The workers’ motion will be delivered to President Paula-Mae Weekes and to the Parliament on Friday.
“We not making joke!” Roget said.
Mr Roget and his team must know little will change when the motion is delivered. But they are acting on behalf of thousands of voiceless citizens.
One can only hope that the Prime Minister, who has been out of the country for some time, will recognise that the discontent of the working class is a snapshot of how the wider population struggling to make ends meet feels at present.
Dr Rowley may well want to accuse the trade union movement of aligning politically with the opposition against his Government, but the stark reality is that thousands of people in this twin-island republic are suffering.
The Government has many internal issues to fix itself, including questions surrounding Attorney General Reginald Armour and Minister of Youth Development and National Service Foster Cummings, food shortages, rising food prices, escalating crime, poverty, abuse in children’s homes and unemployment.

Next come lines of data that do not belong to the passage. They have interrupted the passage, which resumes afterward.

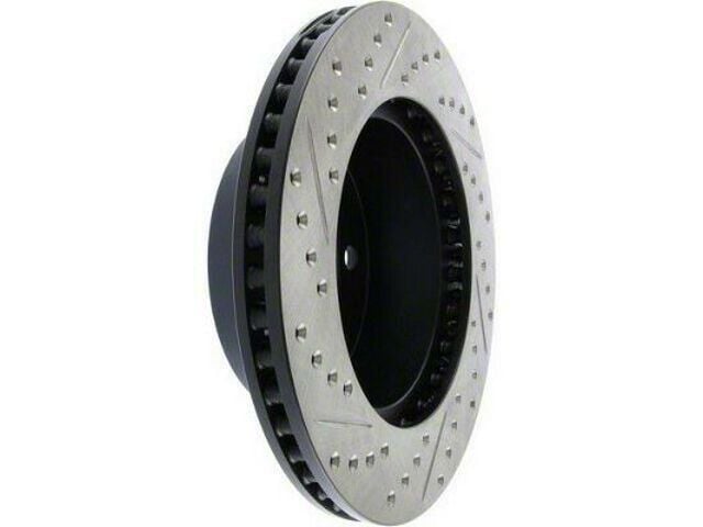 Description. StopTech Drilled and Slotted Sport Rotors are 1-piece direct replacement brake discs for factory brake systems and stock calipers that look great behind your wheels ΓÇô and offer significantly improved braking performance. The unique cross-drilling and slotting aids with heat and brake dust dispersal; prevents glazing of the pads; adds bite and improves wet and dry braking performance. Built to last; the black e-coating provides protection from corrosion and the high carbon metallurgy (in most applications) offers quieter operation; better crack resistance and increased performance.
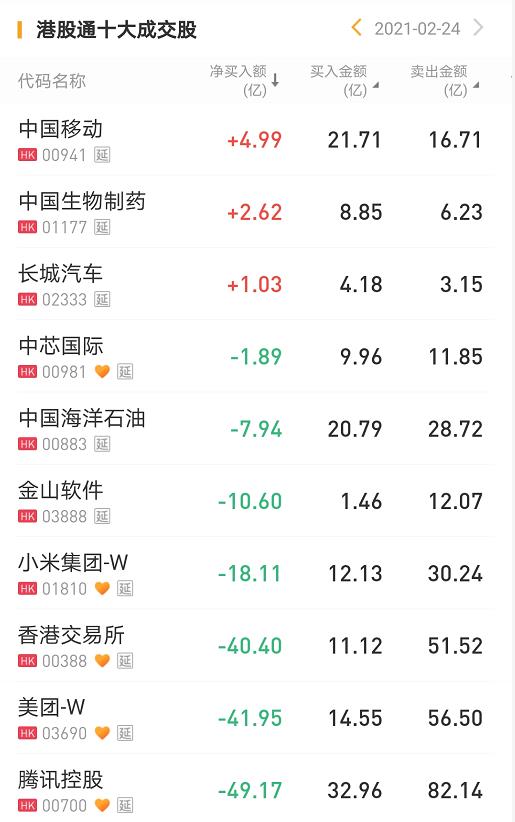 个股方面,今日南下资金净买入中国移动4.99亿港元,为今日买入之最。此外,南下资金净买入中国生物制药2.62亿港元,净买入长城汽车1.03亿港元。
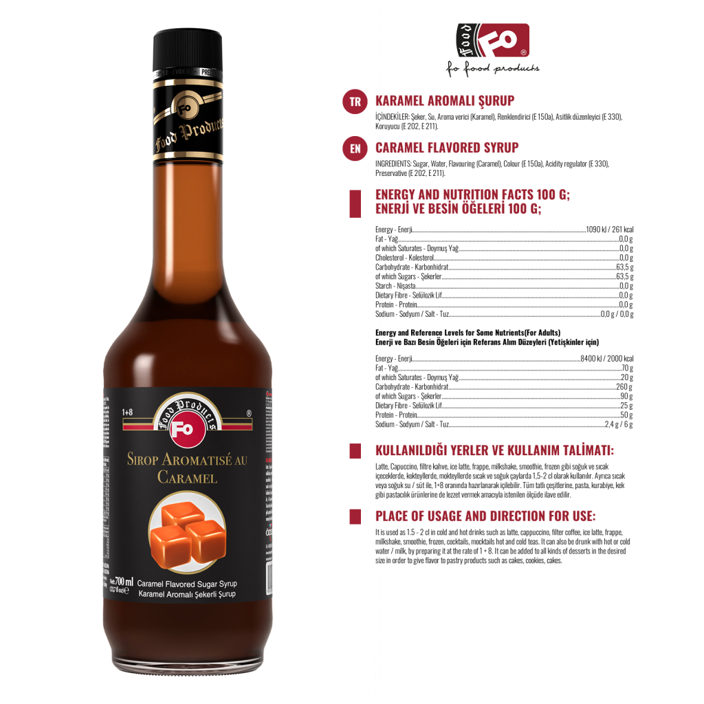 Kullanım Alanları : Latte, Capuccino, fitre kahve, ice latte, frappe, milkshake, smoothie, frozen gibi soğuk ve sıcak içeceklerde, kokteyllerde,sıcak ve soğuk çaylarda 1,5-2 cl olarak kullanılır. Ayrıca sıcak veya soğuk su / süt ile, 1+8 oranında hazırlanarak içilebilir. Tüm tatlı çeşitlerine, pasta, kurabiye, kek gibi pastacılık ürünlerine de lezzet vermek amacıyla istenilen ölçüde ilave edilir.
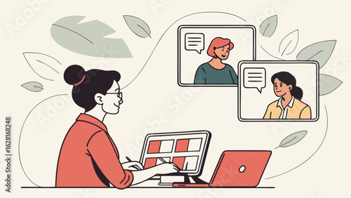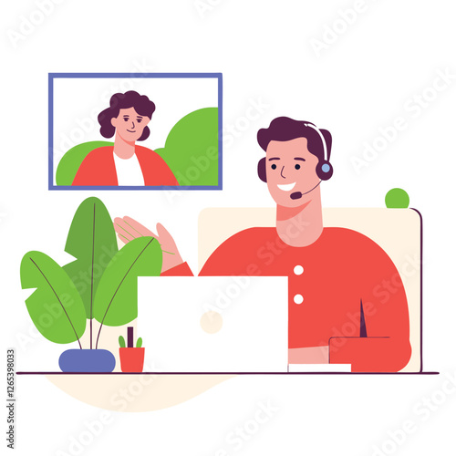 Online conversation between young couple over the internet, flat vector illustration. People with chat bubbles, envelope sending and receiving messages. Online communication.

One would hope, therefore, that Dr Rowley, who has been silent on the AG issue and given Cummings continued support, will be cognisant of the fact that people are at boiling point and only he can address the population’s concerns.
Dr Rowley must recognise by now that silence is no longer an option and must also understand that people are tired of his narrative of blaming the opposition for everything. He has been the Prime Minister of T&T for seven years and his Government must take responsibility for some of what citizens are facing. He must, therefore, be honest with the population. To do otherwise is an insult to all right-thinking people.